Just go on with what you started. The result found by this method is not optimal, but could be good enough for your purposes.

For each ID generate a set of rows for each day in the range. You already know how to do it, though I'd use a table of numbers for it, rather than generating it on the fly with CTE every time, but it doesn't really matter.

Put result into a temporary table. It will have 10,000 IDs * ~400 days = ~4M rows. The temp table has two columns (ID, FileDate). Create appropriate indexes. I'd start with two: on (ID, FileDate) and on (FileDate, ID).
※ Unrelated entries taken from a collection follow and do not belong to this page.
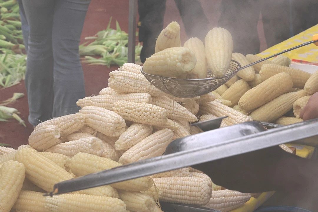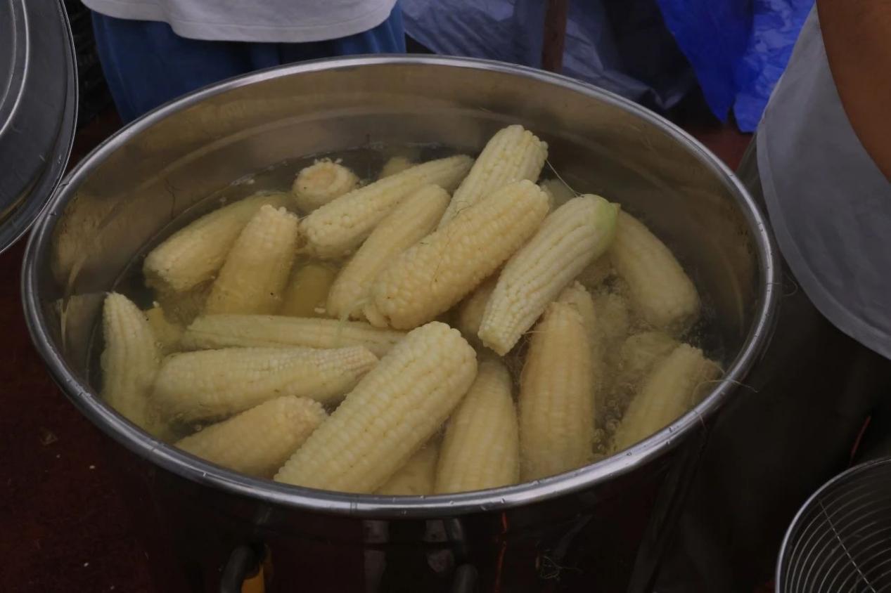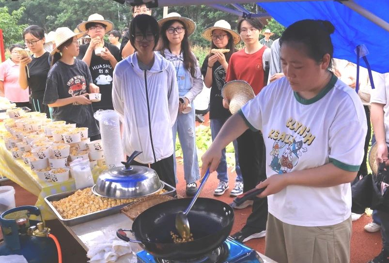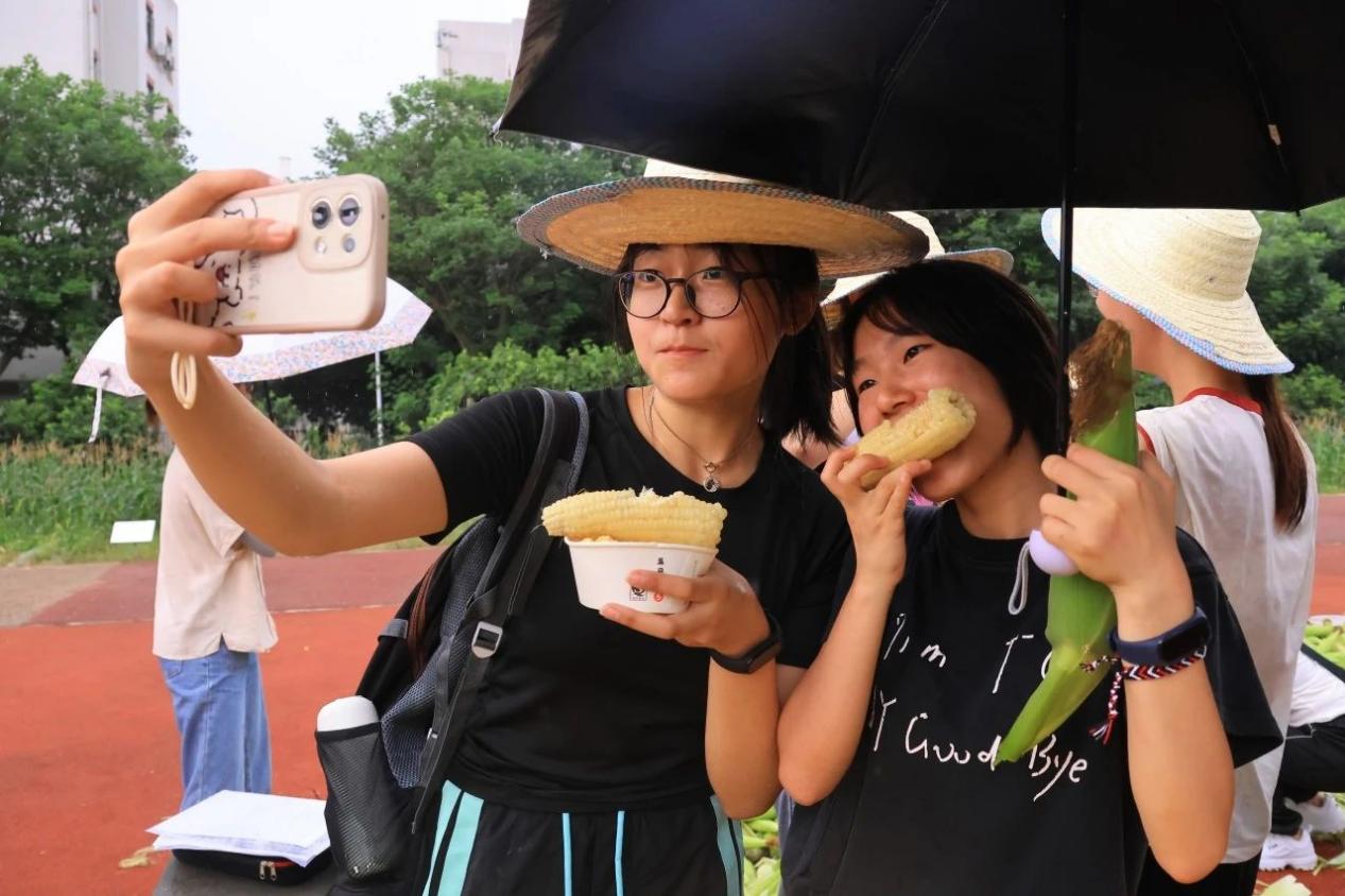 在体验和品尝的间隙,收获的鲜糯玉米已经煮熟,趁着热乎劲儿,同学们“抢”着尝鲜,一波儿“好甜”“好糯”的热评上线。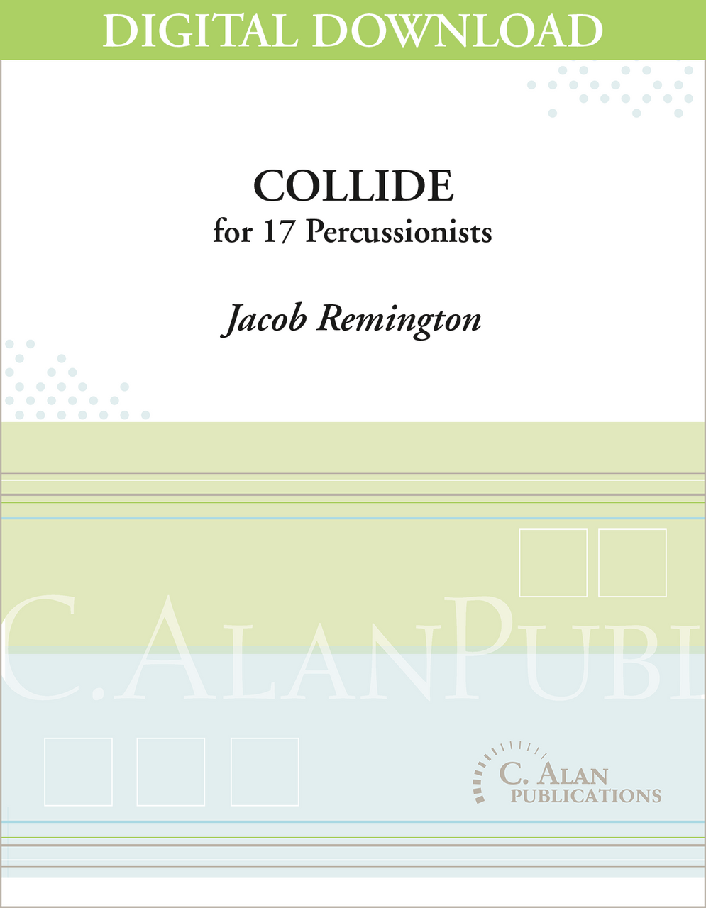 Collide was commissioned by Dr. Brian A West and the Texas Christian University Percussion Orchestra in June of 2015 for performance at the 2015 Percussive Arts Society International Convention in San Antonio. The piece was written to depict the process of searching for new subatomic particles (often referred to as “dark matter” or “anti-matter”) at the Large Hadron Collider (LHC) developed by CERN in Switzerland. At 17 miles in circumference, the LHC is the largest sub-atomic particle accelerator in the world, and was built to replicate (on a microscopic scale) the conditions of the universe immediately following the Big Bang. At the beginning of the piece, an alarm goes off as the system is turned on and thousands of particles are slowly fed into the machine going opposite directions, represented by the relentlessly repetitive 16th note patterns in the keyboards. Once all of the particles have been added, ultra-high intensity magnetic fields send pulses at regular intervals to accelerate the particles, which is depicted by the repeating half notes in the low octaves of the marimbas. The particles gradually become faster until they reach 99.99% the speed of light and begin to resemble a solid beam as they travel around the 17- mile loop at 11,000 times per second. At this point, the magnetic pulses can no longer increase the velocity of the particles. The added energy shifts to increasing the mass of the particles until they become 25 times heavier than when at rest. This is represented musically by a metric change to a slower and more robust feel of 12/8, as well as a tonal shift to heavier drum sounds with longer melodic lines in the keyboards. Once the particles have reached their top speed and highest density, the two sets are gradually directed towards each other so that the particles crash into one another. This produces the most intense collisions ever created by man, and sends the newly-found particles shooting off in unpredictable directions. The music reflects these collisions with unpredictable rhythmic patterns and metric changes that are highly energetic and powerful. The melodic theme from the beginning returns as the piece comes to a close. However, certain melodic and rhythmic patterns are disjunct and broken this time, as the particles have changed their form. The piece ends with the machine being powered down, as scientists begin to contemplate the origins of the universe.
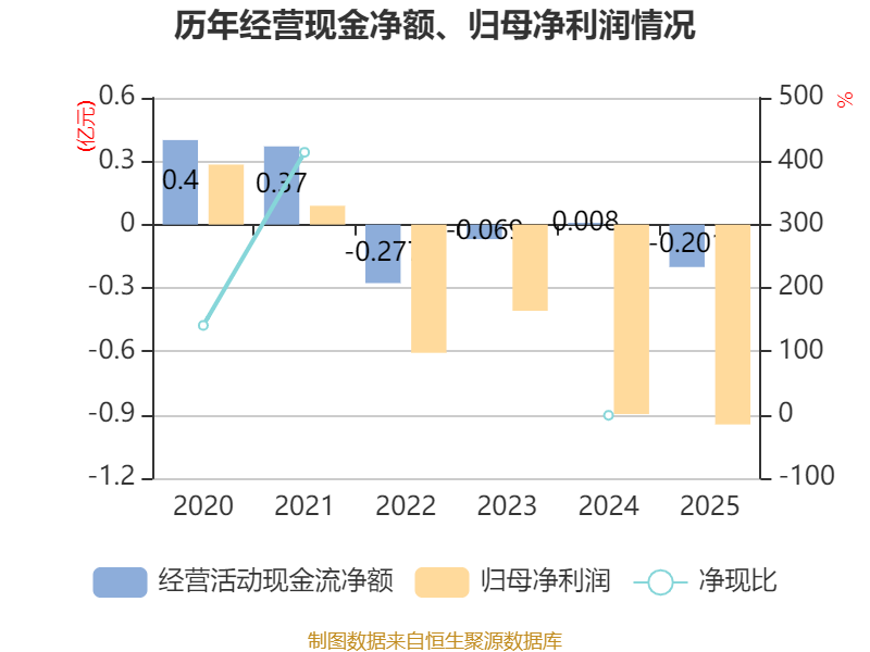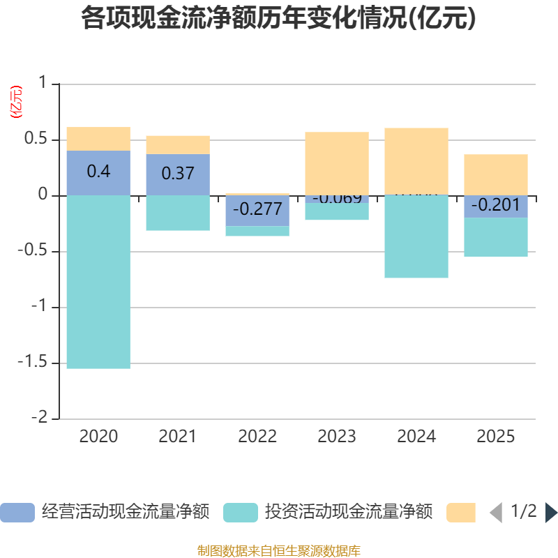 截至2025年,公司经营活动现金流净额为-2006.89万元,同比减少2085.66万元;筹资活动现金流净额3671.33万元,同比减少2279.79万元;投资活动现金流净额-3492.52万元,上年同期为-7395.02万元。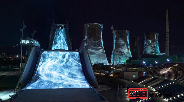 ▲首鋼園單板滑雪大跳臺(tái)燈光秀表演
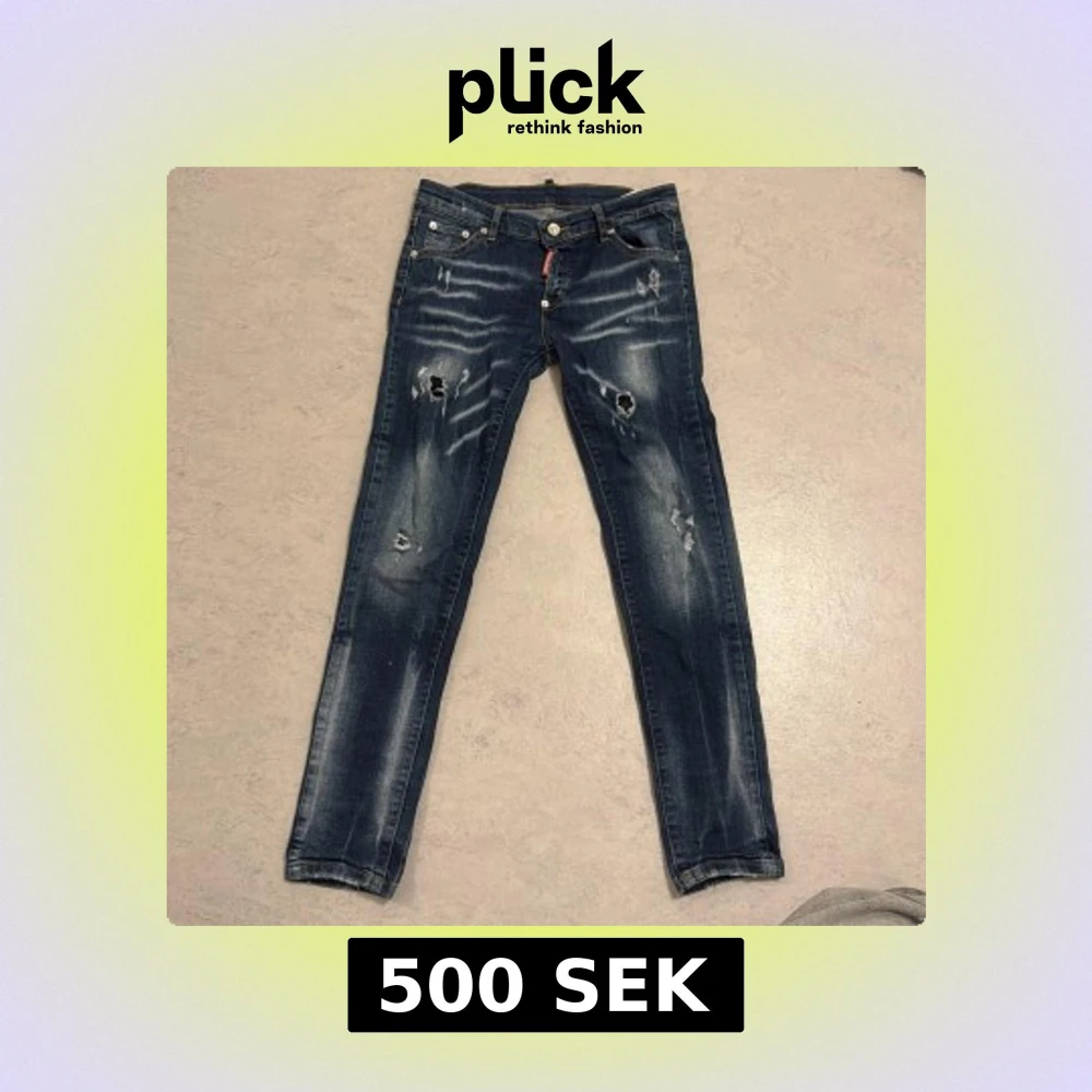 Snygga blå jeans från Dsquared2 med slitningar och hål på benen för en edgy look. Jeansen har skinny passform, klassisk femficksdesign och tydliga slitdetaljer framtill och baktill. Perfekta för dig som gillar streetstyle och vill sticka ut.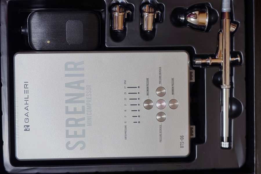 長年、エアブラシを買おう買おうと思いながら買えてなかったのと、ボーグマンのアニスを塗装した時に、さすがにラッカー系はしんどくなってきていて、水性塗料の方に切り替えようかなぁと思っている時にGaahleriさんのKareidoを見たのでいい機会だと思ってエアブラシの方を先に購入しました。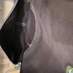 Condition, Positives, Flaws, Items to Note: very minor color loss on piping in bottom corners (shown in photos). light scuffs and scratches on the bottom of the bag and one corner of the flap (shown in photos). There is a dark mark on the front flap (also shown in picture). Interior is clean and in excellent condition.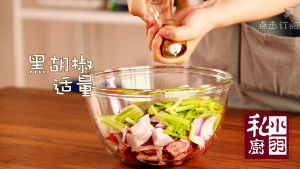 ▲找一个大碗,把牛腩切成大块放进去,再放入胡萝卜块、洋葱块、芹菜段、香叶、蒜瓣,加入1大把现磨的黑胡椒碎。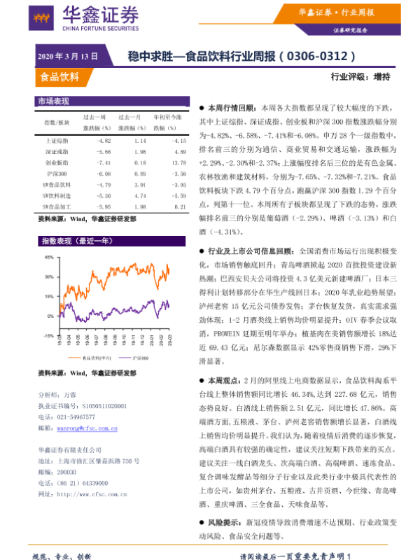 【华鑫证券】【20200313】20200313-华鑫证券-食品饮料行业周报:稳中求胜-12页

Make one of them clustered and primary key. I'd try to make (FileDate, ID) as clustered primary key.

Then process in a loop:

Find a date that has most number of IDs:

SELECT TOP(1) @VarDate = FileDate
FROM #temp
GROUP BY FileDate
ORDER BY COUNT(*) DESC;

Remember found date (and optionally its IDs) in another temp table for the final result.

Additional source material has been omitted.